L’apposition, en France, de la marque française sur des produits destinés à l’exportation en Chine est constitutive de contrefaçon.

par Jeanne Daleaule 31 janvier 2018

La Cour de cassation, dans un arrêt du 17 janvier 2018, rappelle, sur le fondement des articles L. 713-2 et L. 716-10 du code de la propriété intellectuelle, que sont interdites, sauf autorisation du propriétaire, la reproduction d’une marque pour des produits ou services identiques à ceux désignés dans l’enregistrement, ainsi que l’exportation de marchandises présentées sous une marque contrefaisante.

Comme le précise la Cour au regard de l’interprétation jurisprudentielle de ces textes, une exception de motif légitime avait toutefois été posée il y a une dizaine d’années puisque la détention de tels produits revêtus du signe litigieux sur le territoire français, dans lequel ce signe était protégé en tant que marque, dès lors que ces produits étaient destinés à l’exportation vers des pays tiers dans lesquels ils étaient licitement commercialisés et qu’il n’existait pas de risque que ces marchandises puissent être initialement commercialisées en France, de sorte que les entreprises poursuivies n’avaient fait usage du signe litigieux qu’afin d’exercer leur droit exclusif portant sur la première mise sur le marché de produits revêtus du signe incriminé dans des pays où elles disposaient de ce droit, était possible (Com. 10 juill. 2007, n° 05-18.571, Bull. civ. IV, n° 189 ; D. 2007. 2112, obs. J. Daleau ; ibid. 2009. 691, obs. S. Durrande ; Rev. crit. DIP 2008. 322, note E. Treppoz ; RTD com. 2007. 712, obs. J. Azéma ; JCP E 2007. II. 2269, note Passa ; Propr. ind. 2007. Étude 24, obs. Schaffner et Georges ; Propr. intell. 2008, n° 26, p. 151, obs. Buffet-Delmas).

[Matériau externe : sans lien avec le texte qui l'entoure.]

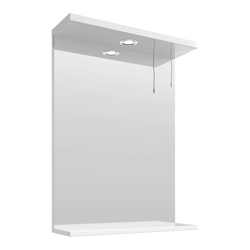 The Vellamo Alpine mirror range from Bathrooms consists of a selection of incredibly stylish contemporary mirrors finished in stunning white. With a shelf at the bottom of the unit it allows your most important toiletries to be organised and tidy but always accessible. The unit comes with integrated lighting above the mirror, operated with a pull cord.
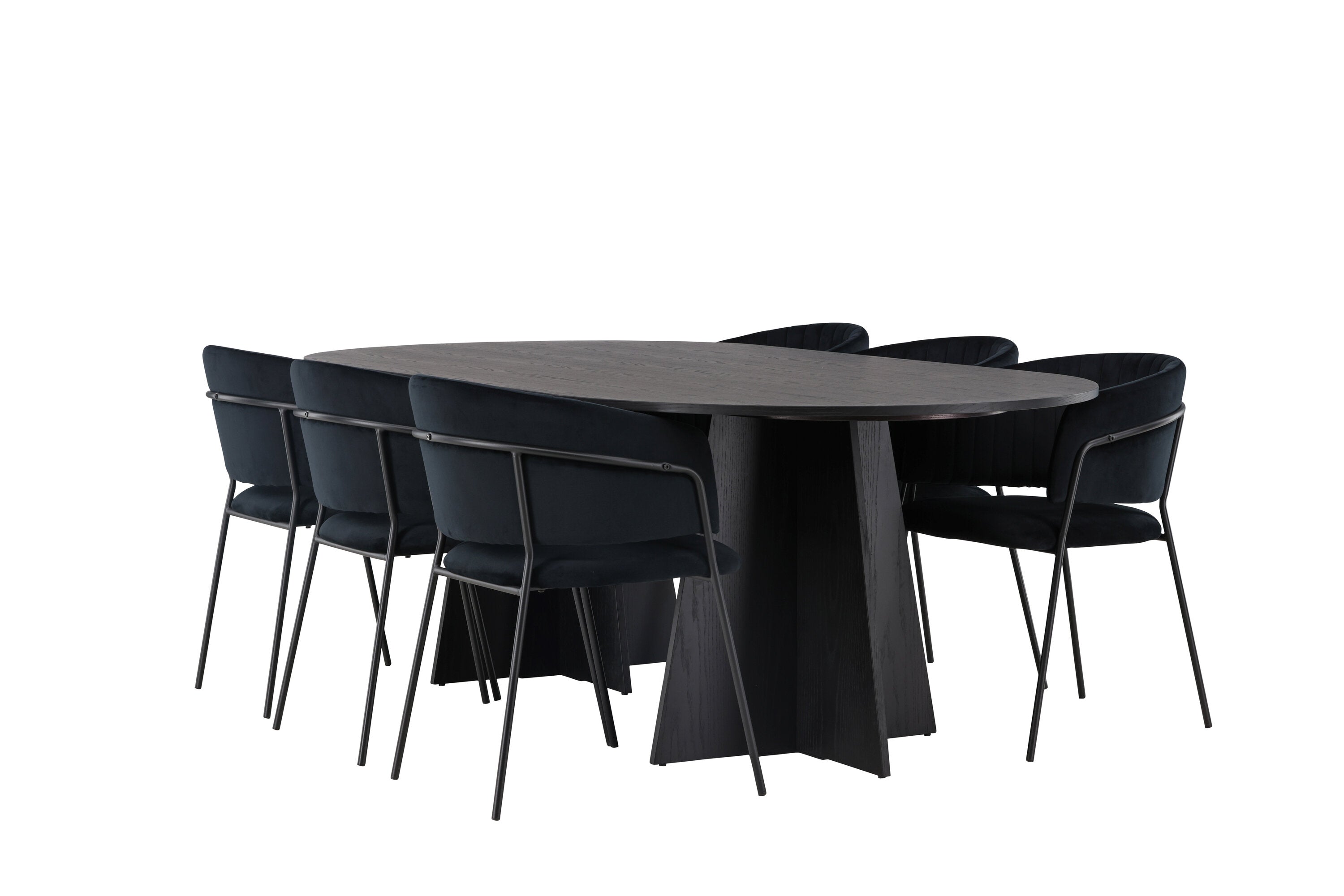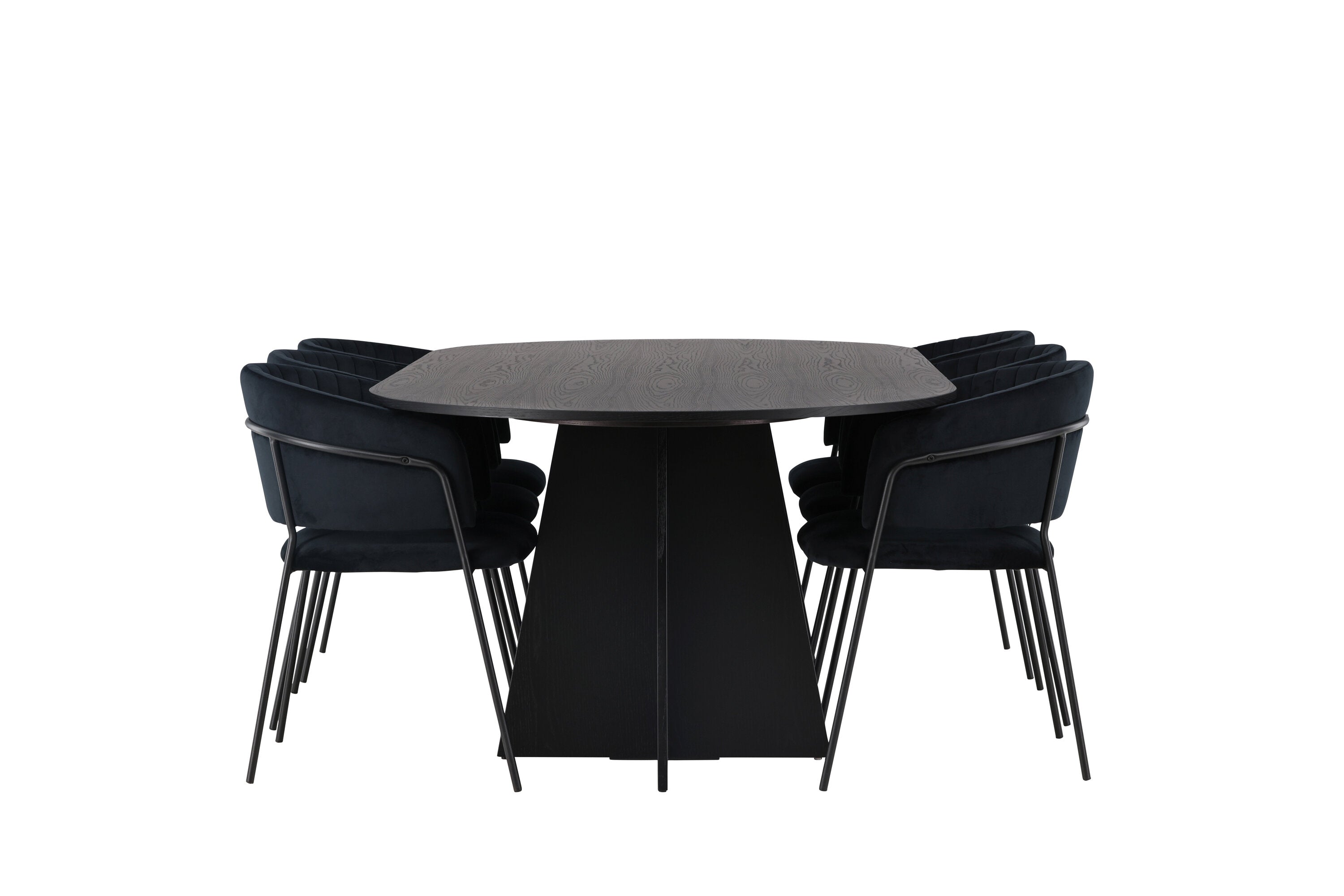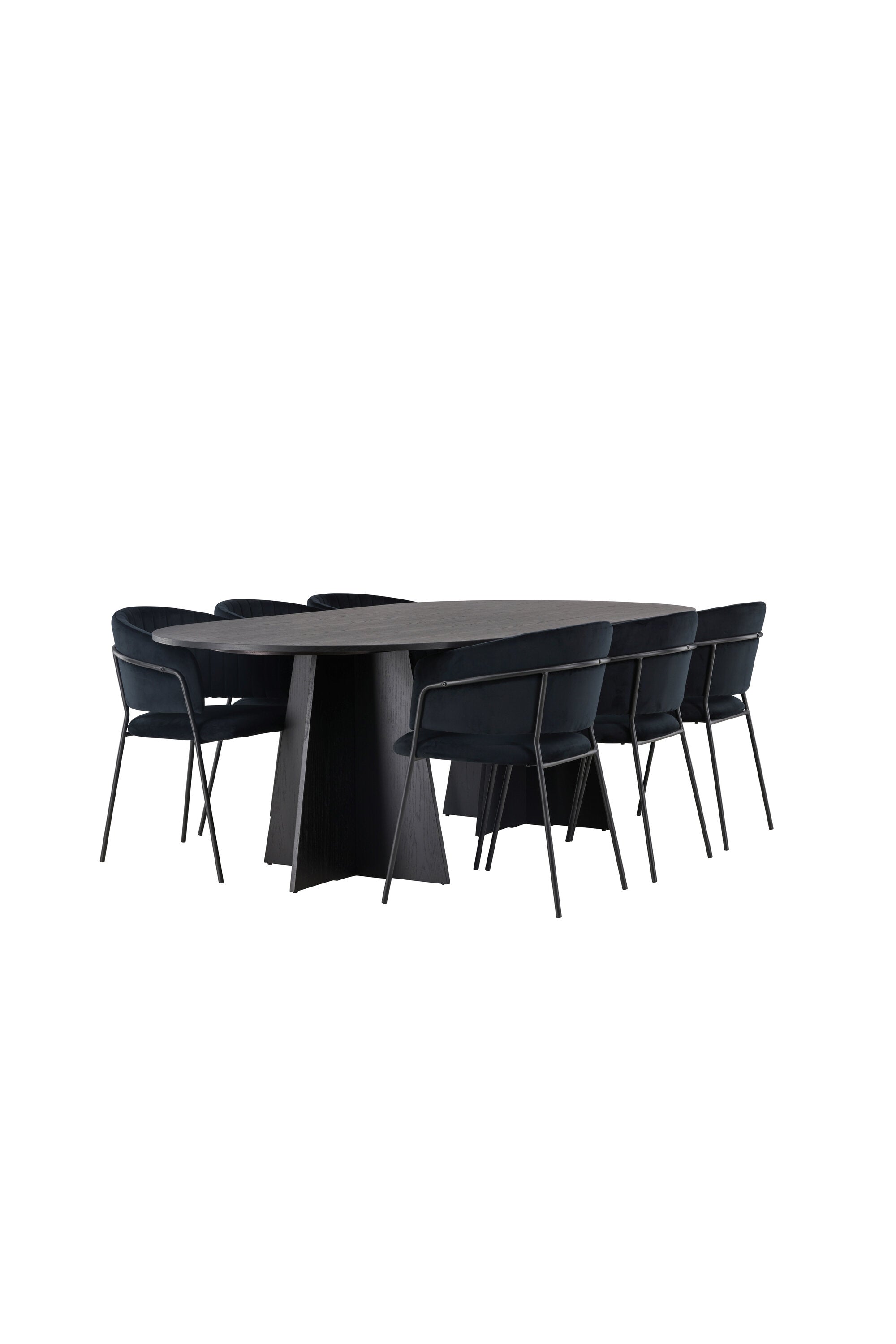 Bootcut oválný jídelní stůl - černá / černá Fanéer + jídelní židle Selma - černá / černý samet _6

La portée de cette exception, qui confortait le principe de la libre circulation des marchandises mais affaiblissait le droit des marques, est remise en cause par la chambre commerciale dans cet arrêt de revirement du 17 janvier 2018.

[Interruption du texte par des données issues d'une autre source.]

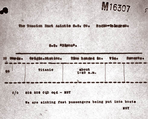 Nadat de omvang van de schade opgenomen was en scheepsbouwkundige Thomas Andrews had geconcludeerd dat het schip zou gaan zinken, gaf kapitein Smith de marconisten John George Phillips en Harold Sidney Bride om 00.15 uur het bevel noodoproepen naar andere schepen te verzenden. Het dichtstbijgelegen schip was de Carpathia, dat binnen vier uur ter plaatse zou kunnen zijn.
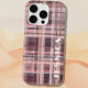 Funda iPhone 16 Pro Tartan Monogram Burgundy Red Blush Pink Stripes
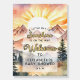Boho and rustic gender-neutral baby shower design "A little ray of sunshine is on the way" with a watercolor style landscape with mountains, fir trees, and a rising sun.
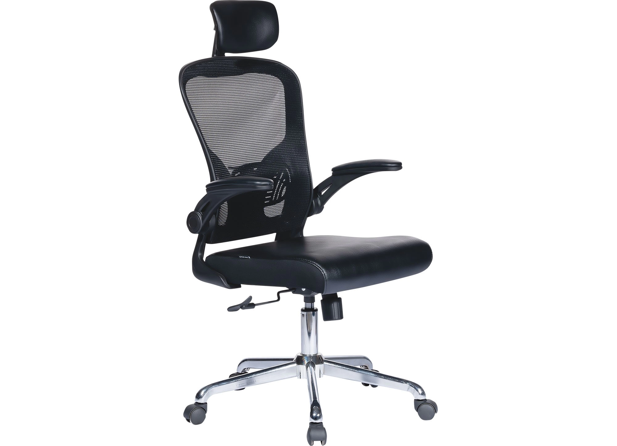 Ghế lưới lãnh đạo lưng cao, đệm bọc PVC, khung tựa nhựa bọc vải lưới. Tay có thể gấp lên - xuống khi sử dụng.
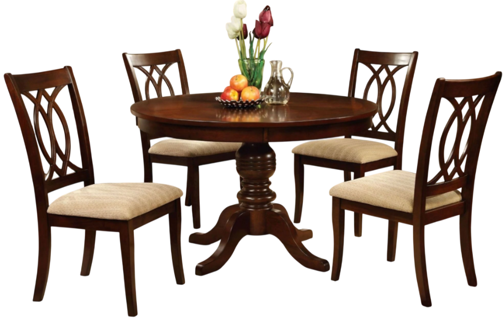 Add style to your small dining room with this round pedestal table. Both finished in brown cherry, the table and chairs complement each other well to produce a striking, transitional piece.
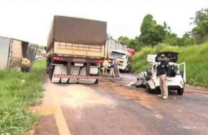 A Polícia Rodoviária Federal informou que o condutor de um caminhão Bitrem estava na BR-163 e ao acessar o Contorno Oeste entrou na alça errada, pela contramão da BR-467. Nesse momento, ele fez uma manobra para retornar causando a sequência de acidente.

Reprenant les dispositions de l’article 5, § 1, de la directive 89/104 du 21 décembre 1988, rapprochant les législations des États membres sur les marques (codifiée par dir. CE 2008/95, 22 oct. 2008), et la jurisprudence de la Cour de justice de l’Union européenne (v. not. CJCE 20 nov. 2001, n° C-414/99, RTD com. 2002. 405, obs. M. Luby ; ibid. 480, obs. J. Azéma ; RTD eur. 2002. 387, obs. G. Bonet ; PIBD 2002. III. 506 ; 12 nov. 2002, n° C-206/01, D. 2003. 755, et les obs. , note P. de Candé ; RTD com. 2003. 415, obs. M. Luby ; RTD eur. 2004. 106, obs. G. Bonet ; JCP E 2003. 1468, n° 10, obs. Boespflug, Greffe et Barthélemy ; PIBD 2003. III. 263 ; Propr. intell. 2003, n° 7, p. 200, obs. Bonet ; RDPI nov. 2002, n° 141, p. 26), la Cour de cassation considère que face aux textes européens, qui ne prévoyaient pas une telle exception, le refus de constater une contrefaçon dans cette hypothèse ne pouvait être maintenu.

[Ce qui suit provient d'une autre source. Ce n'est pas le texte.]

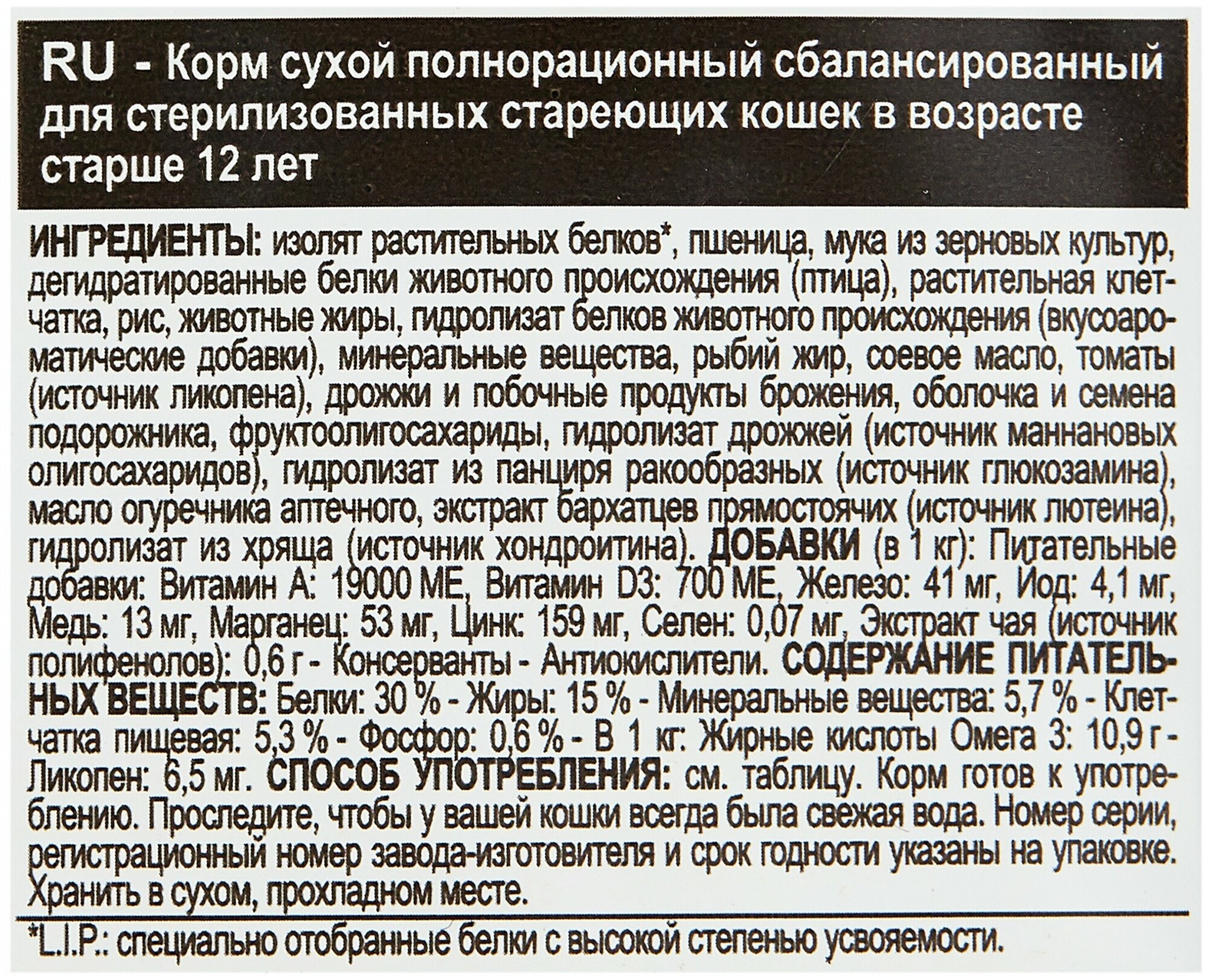 | Состав | изолят растительных белков, пшеница, мука из зерновых культур, дегидратированные белки животного происхождения (птица), растительная клетчатка, рис, животные жиры, гидролизат белков животного происхождения (вкусоароматические добавки), минеральные вещества, рыбий жир, соевое масло, томаты (источник ликопина), дрожжи и побочные продукты брожения, оболочка и семена подорожника, фруктоолигосахариды, гидролизат дрожжей (источник мaннановых олигосахаридов), гидролизат из панциря ракообразных (источник глюкозамина), масло огуречника аптечного, экстракт бархатцев прямостоячих (источник лютеина), гидролизат из хряща |

Ainsi, le pourvoi contre l’arrêt d’appel qui a constaté que la marque litigieuse était apposée en France (territoire sur lequel elle était protégée) et en a déduit, alors même que les produits en cause étaient destinés à l’importation en Chine, que la contrefaçon était constituée, ne pouvait qu’être rejeté. Le droit des marques s’en trouve renforcé.